Program yang diselenggarakan oleh Kementerian Ketenagakerjaan (Kemenaker) ini melibatkan 27 perusahaan yang tersebar di sejumlah daerah di Sulbar dan diikuti oleh 179 peserta, mayoritas anak muda usia produktif.
Kepala Disnaker Sulbar, Andi Farid Amri, menyatakan bahwa program ini berjalan dengan sukses. Sebanyak 70 persen peserta pemagangan diterima bekerja di perusahaan tempat mereka magang.
“Alhamdulillah, sesuai dengan harapan kami, sekitar 70 persen dari peserta magang diterima oleh perusahaan tempat mereka magang. Kami juga berharap tahun depan jumlah peserta dan perusahaan yang berpartisipasi bisa lebih banyak, agar pengangguran di Sulbar bisa terus berkurang,” ujar Andi Farid Amri.
Menurutnya, evaluasi utama untuk program pemagangan ini hanya terletak pada peningkatan jumlah perusahaan dan peserta yang terlibat. Tahun ini, lebih dari 2.600 orang mendaftar untuk program tersebut, namun Kemenaker hanya memberikan kuota 179 orang.
“Harapannya, di tahun mendatang, kuota dari Kemenaker bisa lebih besar agar lebih banyak anak muda usia produktif yang mendapat kesempatan,” tambahnya.
Di sisi lain, General Manager PT Manakarra Unggul Lestari (MUL), Muhammad Dahlan, mengapresiasi program ini. Menurutnya, perusahaan mendapat manfaat besar dari program pemagangan, karena bisa menilai kualitas calon pekerja sebelum memutuskan untuk merekrut mereka.
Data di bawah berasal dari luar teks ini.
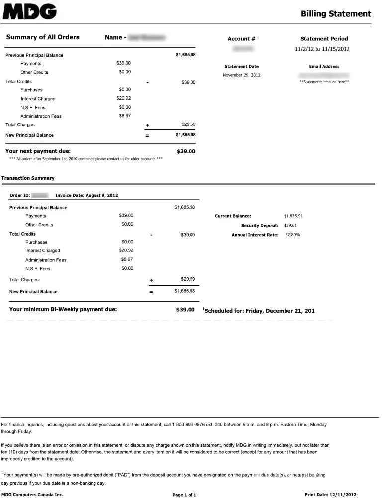 They are absolute crooks! Our computer was 1700$ and after 2 years, our balance was still over 1500$! I was making payments of $100 a month, so lets do the math; ***** = so thats 1200$ a year, so 2 years, i've paid 2400$! but supposedly I still have a balance of 15hundred/something...!/!//?

“Selama magang, Disnaker yang membiayai, sehingga kami bisa menilai kualitas para peserta sebelum melakukan penggajian. Tahun ini, dari 10 orang yang magang di perusahaan kami, semuanya kami rekrut,” ungkap Muhammad Dahlan.
Program pemagangan ini diharapkan dapat menjadi jembatan bagi anak-anak muda di Sulbar untuk memasuki dunia kerja, serta menjadi sarana bagi perusahaan dalam mendapatkan tenaga kerja berkualitas sesuai kebutuhan.